Assessment of NTR expression m* prostate samples

Having confirmed tissue viability, infectability and virus replication I have assessed expression of nitroreductase (NTR) in tissue samples.  The benefit of expressing this enzyme in a replicating virus is that it allows spread of expression of the enzyme within the prostate tumour tissue.  In benign prostate tissue samples NTR expression of replicating viruses expressing NTR was compared with a non replicating virus which also expressed NTR.  As expected a limited amount of NTR expression was shown using immunohistochemistry but there was no difference in the amount of expression between viruses and it did not increase between 48 hours and 96 hours after infection, again suggesting that these viruses were not replicating in the benign tissue.  In contrast, NTR expression in cancer tissue was significantly higher and there were marked differences between the replicating and non replicating viruses at 48 hours post infection.   At 96 hours post infection NTR expression had further increased and spread through the tissue samples.

Conclusion

The results so far are encouraging and suggest tissue samples can be kept viable possibly up to 7 days and used to assess virus infection, replication and expression of enzymes.  Much of the work done so far has involved perfection of tissue sample preparation and assessment.  Preliminary results have identified the virus vDA012‑2C2 as having improved replication and NTR expression in prostate cancer samples compared with other viruses constructed by our laboratory members.

Future work

Over the next 3 months I will repeat the virus replication and NTR expression experiments in as many tissue samples as possible over a longer time period (of at least 7 days).   I will also assess virus replication further in tissue samples using histochemistry looking at viral proteins which will show spread of virus replication in the tissue samples.

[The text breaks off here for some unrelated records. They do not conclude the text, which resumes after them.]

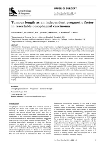 Title: | Tumour length as an independent prognostic factor in resectable oesophageal carcinoma |
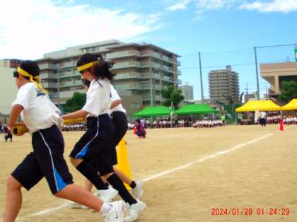 4人で棒を持ち、コーンを回ったり、みんなに飛んでもらったりと、クラス全体の協力が必要な競技です。
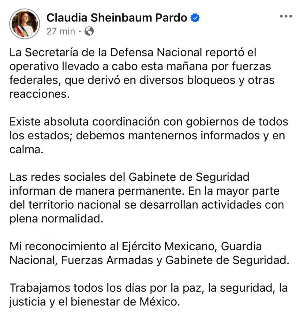 La presidenta de México, Claudia Sheinbaum Pardo , fijó su postura sobre los hechos ocurridos este día, luego de que la Secretaría de la Defensa Nacional informara sobre un operativo realizado por fuerzas federales que derivó en diversos bloqueos y reacciones en distintos puntos.
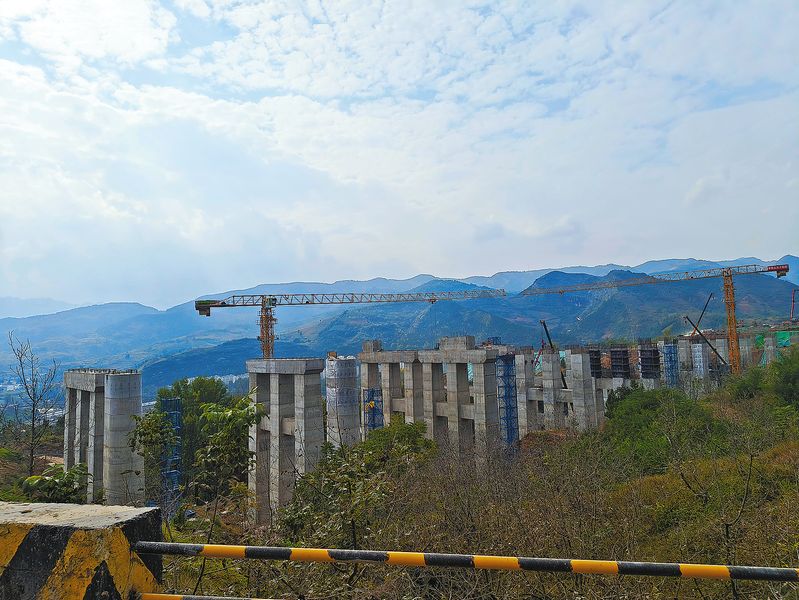在漫川關(guān)跨福銀高速立交特大橋施工現(xiàn)場,分布在高空和地面作業(yè)點上的建設(shè)者加班加點,演繹著“速度與激情”。站在高處眺望,但見聳立的橋墩跨越山川、河流、村莊,一路奔越向前。
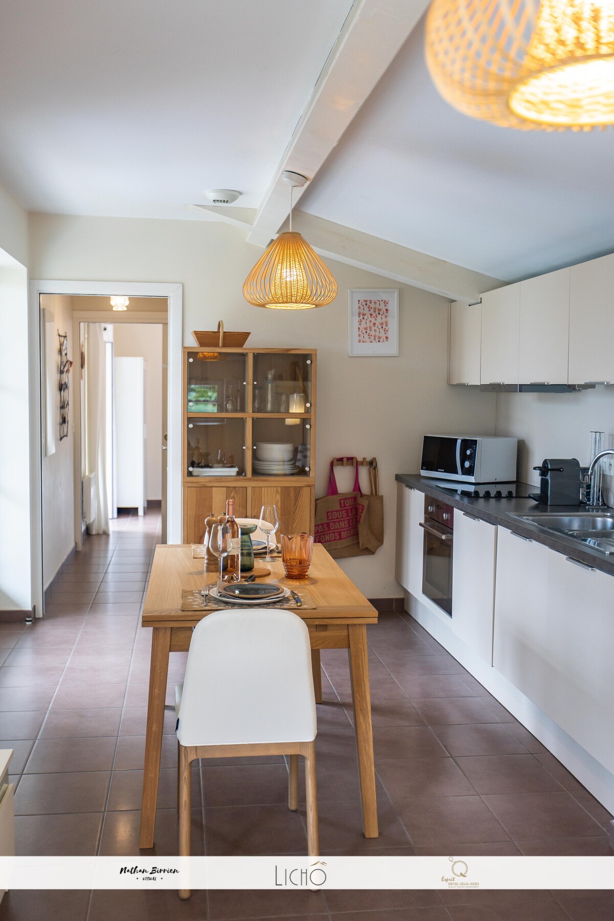 NOUVEAU Maison T2 de 40m² entièrement rénovée en 2025, au calme garanti. Profitez d’un espace cosy et apaisant, parfait pour 2 à 4 personnes. Séjour avec cuisine aménagée et équipée, bénéficiant d'un canapé convertible pouvant accueillir 2 personnes supplémentaires. Jolie chambre de 16 m², literie neuve 180x200 avec dressing. Belle salle de bain spacieuse avec sa grande douche. Climatisation réversible. Parking juste devant le logement, au calme. Arrivée autonome avec boîte à clés 🔑
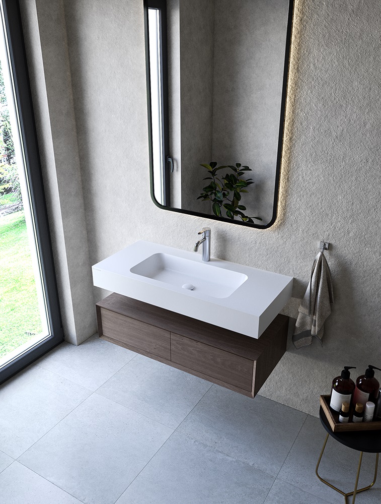 Najwyższej jakości nowoczesny konglomerat łączący cechy ceramiki i kompozytów sanitarnych. Materiał, który wygląda i zachowuje się w dotyku jak ceramika, jednak jest od niej bardziej wytrzymały mechanicznie.
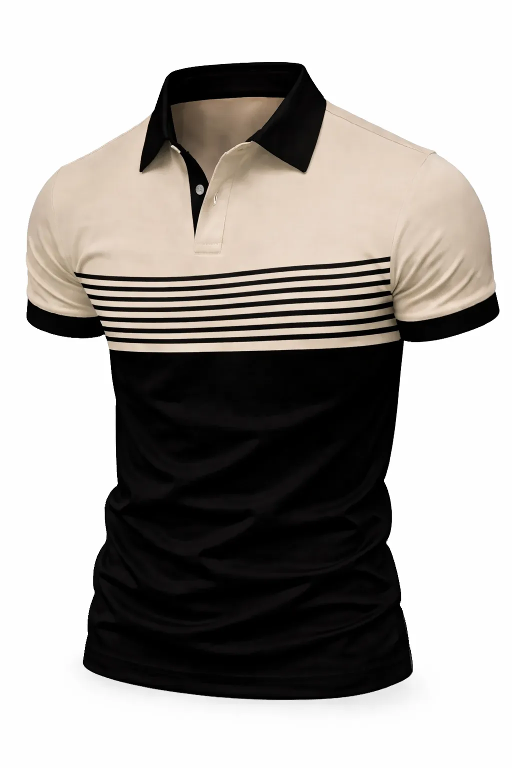 Men’s Black & Beige Striped Polo Shirt – Slim Fit Casual Summer Tee
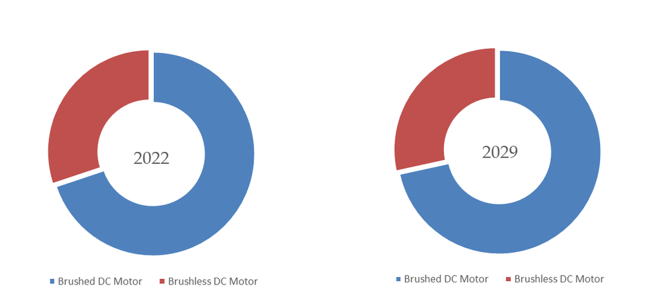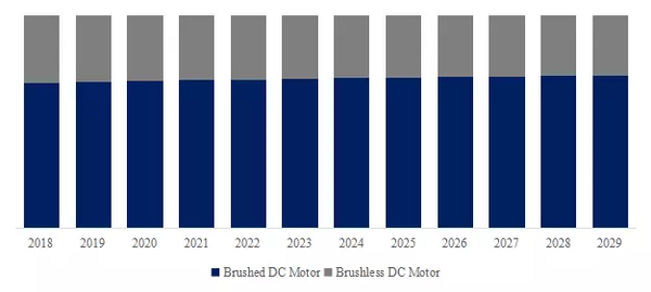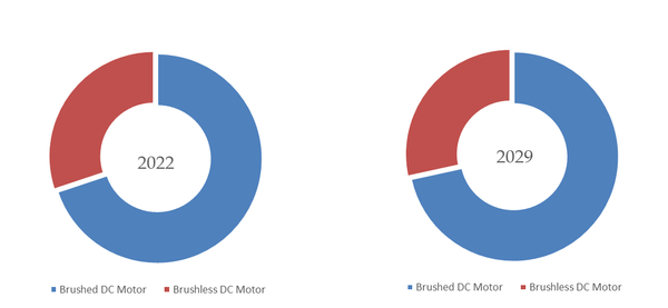 製品タイプ別では、ブラシ付きDCモーターが最大セグメントで、70%のシェアを占めている。
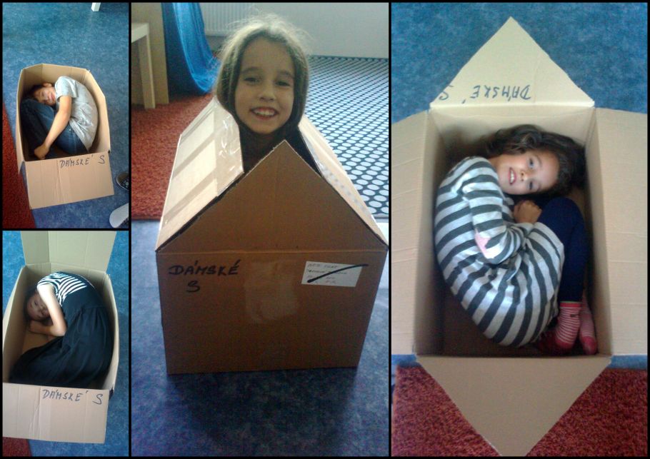 Další koláž prozrazuje opět radost, tentokrát z kartonové krabice. Není to úžasné, že se aspoň na chvíli můžete proměnit na poštovní balík? To je však jenom začátek toho, co se s tou krabicí dá dělat. Sledujte další vydání aktualit.

Expanding on the previous experiments the final part of the work will involve assessment of oncolysis (cell death caused by virus infection) and combined cytotoxicity by assessing cell death in tissue samples infected with virus with and without the addition of prodrug CBI 954.   Cell death will be assessed and confirmed by assessment by a Consultant Pathologist.   These experiments will be performed both in benign and malignant tissue.